I'm also just planning on using the built in Windows 2000 defrag utility.

Any advice is greatly appreciated.
 
I've been using Exchange for a fair few years. I would never use Windows defrag on an Exchange server...
 
Exchange has its own defrag utility that you must use to defrag the .EDB file. You will need to dismount the exchange store before using the defrag utility. For maintenance reasons it is always good to run the defrag regularly.

Check the following link for instructions on how to defrag the exchange database. Depending on how many mailboxes and the size of your database this process could take hours to complete. Example, we ran the defrag on a 16GB database and it took close to 4 hours to complete. This utility is also very usefull when you have exceeded the size of your database and you need to reduce the database size to re-mount the store.

 
I was hoping I was able to word this without getting into offline defrags using esutil or the .edb files. I'm just asking if it is safe to run a normal Windows 2000 disk defrag on a server running Exchange 2000.

I'm versed in Exchange...I'm just wanting to double check that it's OK that I run a disk defrag next weekend on the drive that contains my Exchange database....
 
I don't know if it is safe to do it, but we don't. I also would like to know if it is safe to do it and if it will even do anything for you.
 
Ok...I'm going to dismount all the mailbox stores...stop all the Exchange services, pull my server off the network and disable my anti-virus. Then I'm going to use the Windows disk defrag utility on my C: and D: drives (no not M:\...I'm not an idiot).

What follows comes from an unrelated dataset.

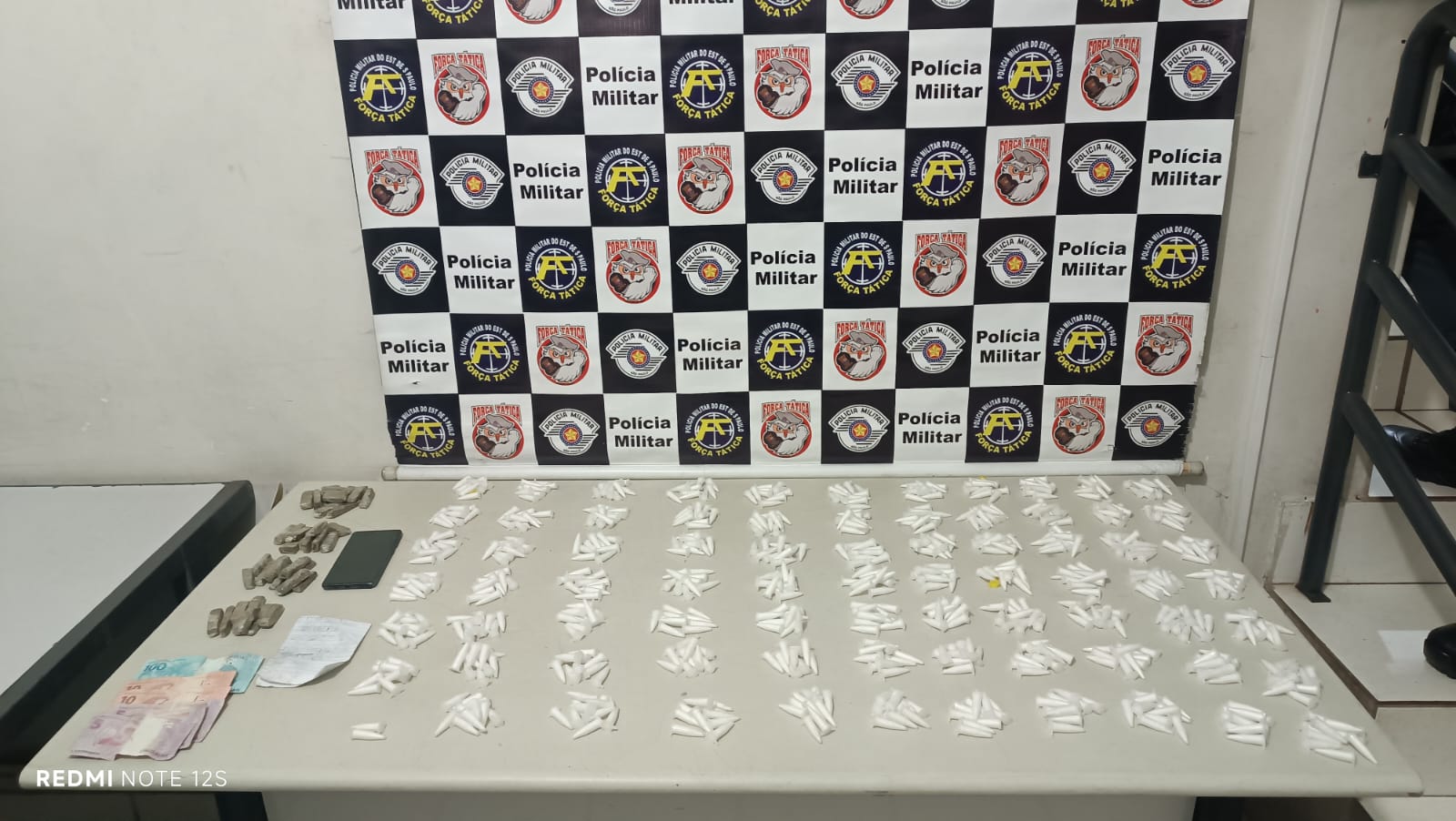 Na sacola, foram encontrados 762 microtubos de cocaína, totalizando cerca de 1,5 quilo da droga, além de 37 porções de maconha, com peso aproximado de 178 gramas. Também foram apreendidos R$ 135 em dinheiro, um celular Samsung sem chip e uma folha com anotações sobre o tráfico.
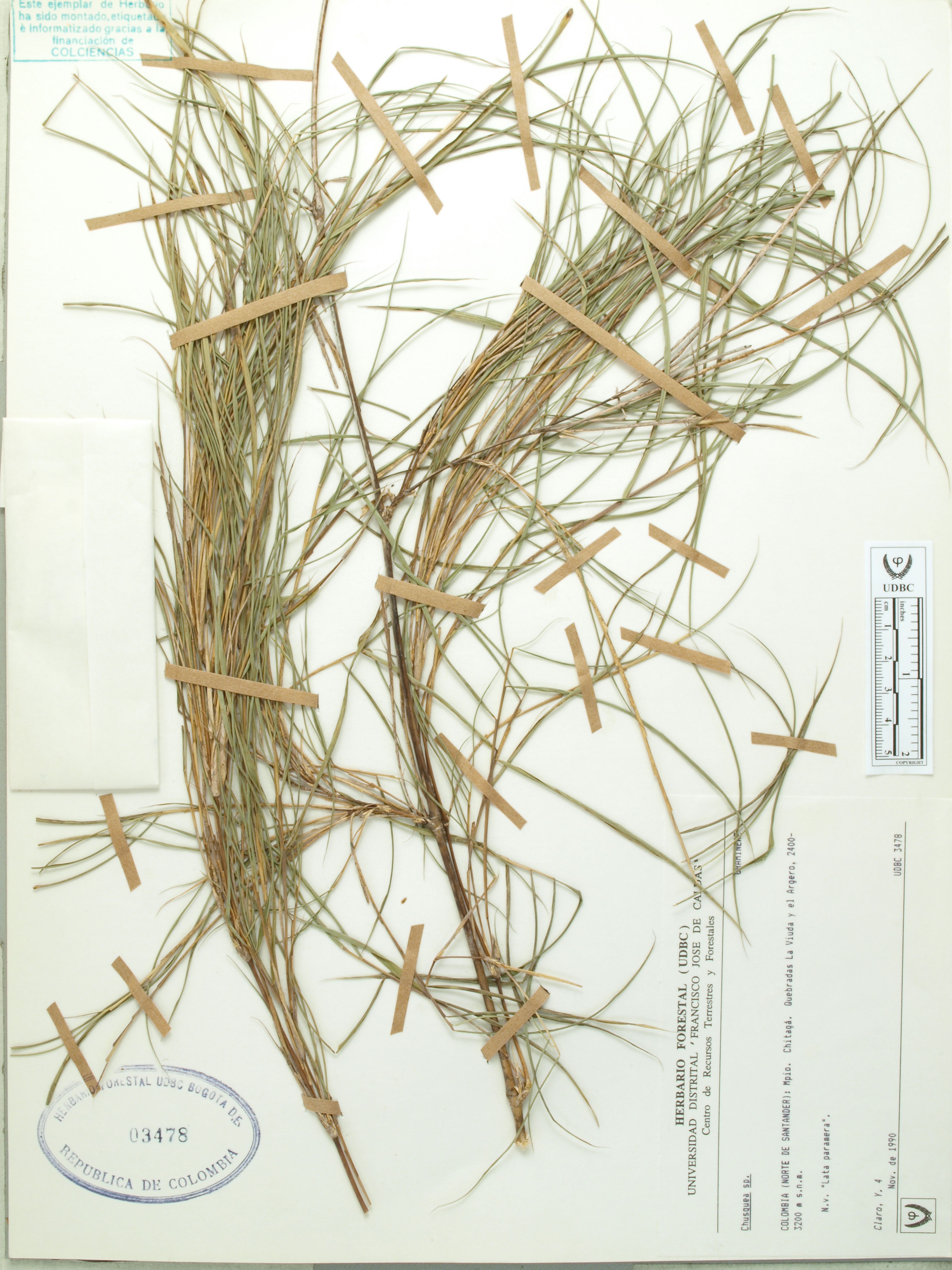 Fotografía del ejemplar Claro, Y. 4, determinado como Chusquea sp.

T-7 (time minus seven days)

Somebody let me know in the next 7 days if I'm being a moron...or say a prayer for me, cross your fingers and wait for my update.
 
If you correctly partitioned the data files for exchange, there would never be a reason to do a disk defrag. Fragmentation happens because of the algorithm used to find space to write to disk. Fragmentation will never occur on a drive that contains a single file. Likewize, fragmentation will not occur when it's all sequential IO, and all the files are the same size. If you keep you logs only on a seperate spindle, all the logs are the same size and IO is sequential; the logs won't get fragmented. The database drive, if it only contains the edb and stm files, should have a very low fragmentation rate. If you seperate the stm and emb files onto seperate drives, they should not become fragmented.

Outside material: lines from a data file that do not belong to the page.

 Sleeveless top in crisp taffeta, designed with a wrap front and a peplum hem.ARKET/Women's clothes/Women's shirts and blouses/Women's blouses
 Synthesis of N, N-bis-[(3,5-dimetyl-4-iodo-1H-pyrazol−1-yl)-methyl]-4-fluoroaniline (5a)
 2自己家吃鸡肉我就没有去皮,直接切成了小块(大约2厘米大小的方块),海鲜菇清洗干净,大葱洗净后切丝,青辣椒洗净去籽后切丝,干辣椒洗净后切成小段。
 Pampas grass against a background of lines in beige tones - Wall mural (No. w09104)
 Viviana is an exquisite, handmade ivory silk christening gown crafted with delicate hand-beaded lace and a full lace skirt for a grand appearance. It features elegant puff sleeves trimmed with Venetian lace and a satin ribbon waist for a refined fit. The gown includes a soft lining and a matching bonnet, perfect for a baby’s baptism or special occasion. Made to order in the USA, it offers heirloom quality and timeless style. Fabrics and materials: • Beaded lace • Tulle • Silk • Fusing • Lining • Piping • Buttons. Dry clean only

The edb file, internally, stores data in 4K pages. Although pages are freed when items are deleted, the pages are marked free inside the database and the size of the edb does not shrink. Every night, during background cleanup, an online defrag of the database occurs; consolidating free 4K pages. An offline defrage of the edb actually removes the whitespace and shrinks the size of the edb. This is not necessary unless a large amount of mail has been deleted and is never coming back - ie you permanantly removed several hundred users from the server.

 
Man...that's great info. Unfortunately I don't live in a textbook Microsoft environment. I've been runnning Exchange, IIS, and hosting some asp applications all on the same box and drive.

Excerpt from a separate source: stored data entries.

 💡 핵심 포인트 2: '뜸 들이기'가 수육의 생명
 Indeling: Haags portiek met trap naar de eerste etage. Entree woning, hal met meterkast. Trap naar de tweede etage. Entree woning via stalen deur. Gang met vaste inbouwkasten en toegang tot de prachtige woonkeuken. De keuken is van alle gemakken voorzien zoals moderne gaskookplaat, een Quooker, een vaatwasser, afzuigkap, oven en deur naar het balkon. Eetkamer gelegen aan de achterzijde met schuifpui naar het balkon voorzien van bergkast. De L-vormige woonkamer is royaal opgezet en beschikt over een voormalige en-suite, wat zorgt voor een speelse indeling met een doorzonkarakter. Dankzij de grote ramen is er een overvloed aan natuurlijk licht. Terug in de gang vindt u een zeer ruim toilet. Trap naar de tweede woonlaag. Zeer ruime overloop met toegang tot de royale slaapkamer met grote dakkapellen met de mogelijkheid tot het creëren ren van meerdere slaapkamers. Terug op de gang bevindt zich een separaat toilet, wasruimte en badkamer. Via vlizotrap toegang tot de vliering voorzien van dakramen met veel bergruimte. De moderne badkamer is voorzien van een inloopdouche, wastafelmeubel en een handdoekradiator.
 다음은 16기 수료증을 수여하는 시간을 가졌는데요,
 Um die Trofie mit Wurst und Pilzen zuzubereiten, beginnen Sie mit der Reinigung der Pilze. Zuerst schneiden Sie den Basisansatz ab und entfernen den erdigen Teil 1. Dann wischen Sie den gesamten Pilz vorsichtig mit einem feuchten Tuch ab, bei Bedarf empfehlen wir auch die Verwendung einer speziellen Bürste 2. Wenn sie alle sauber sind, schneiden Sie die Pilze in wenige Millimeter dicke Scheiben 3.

So the question still remains. Has anyone had any bad experiences using a disk defrag utility on the same drive as an Exchange database?
 
YES was only 50 user but it totally corrupted the .ebd (thank god for veritas and exchange option)
 
I've done it, takes a bit longer but I didnt see any corruption (5gb store)

if you think about it, when defrag hits the .edb file, it cant/wouldnt try to open it.. it would treat it like a normal file and move it to a more contig portion of the disk, so how could it corrupt it? maybe if you stopped the process in the middle of the op, but even then I think pointers would take care of that.. just an idea.